Other people’s flaws
02 Sep 2009
Other people are probably the biggest cause of pain in our lives. It probably outweighs financial and career woes in terms of heartache. Maybe you have an unappreciative boss, or your parents never affirmed you much, or you have a lazy colleague who takes the credit for your hard work.
These things are truly painful circumstances to deal with. They’re burdens to carry.
The way to deal with them is to do just what you do with a burdern — bear it. Because these are problems that involve other people’s free will, you can’t solve them like you do other problems. Let’s not be lazy: you should try to solve them as and when you can. But do so with the utmost care, and recognise that A) it will take a long time, and B) it may never be solved.
So what do you do? Here you are with a big, emotionally costly problem that will be around for a long time.

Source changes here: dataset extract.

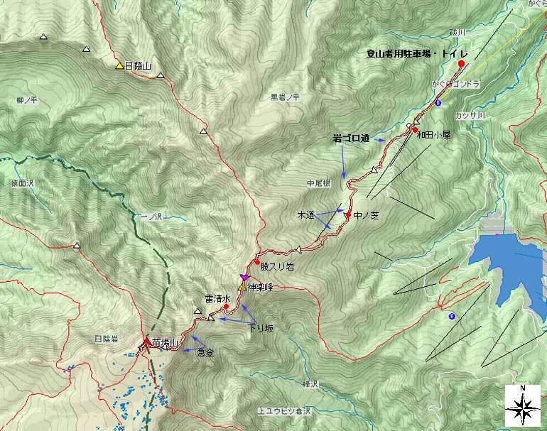 | かぐらみつまた第二リフト町営駐車場・トイレ有 | 登山道入り口 左側車道を歩いても良いが直進でショートカット可 |

The answer is to let the burden strengthen you, instead of weaken you. If your boss is unappreciative, stop trying to please him and just do the best you can, and count it all as generosity towards the company you work for. You end up being a bigger person as a result. If your friend is controlling and bossy, learn to stand up to it, and use the emotional pressure as a motivation to get some steel in your backbone. If your parents are critical, take the difficult but incredibly rewarding journey towards a more independent self-esteem.
Above all, learn forgiveness. Forgiveness isn’t for their benefit, it’s for yours. It doesn’t mean being a fool and staying open to the hurts, but it does mean refusing to see the other person as a monster and letting hatred eat you up on the inside. Twisting the knife only ever happens in your own guts!
What never ceases to surprise me is that what bothers me about others is something in myself i have had trouble with, greed or being mean for example. I know I used to be the most ruthlessly mean and unsharing person. I worked hard to change, and for the most part i think i have. When i am in the presence of it – i gotta go.
Very true. Wonder what that is? Some form of dislike of self? Maybe it’s just familiarity — they say that when you’ve been with someone for a long time, what first attracted you begins to annoy you.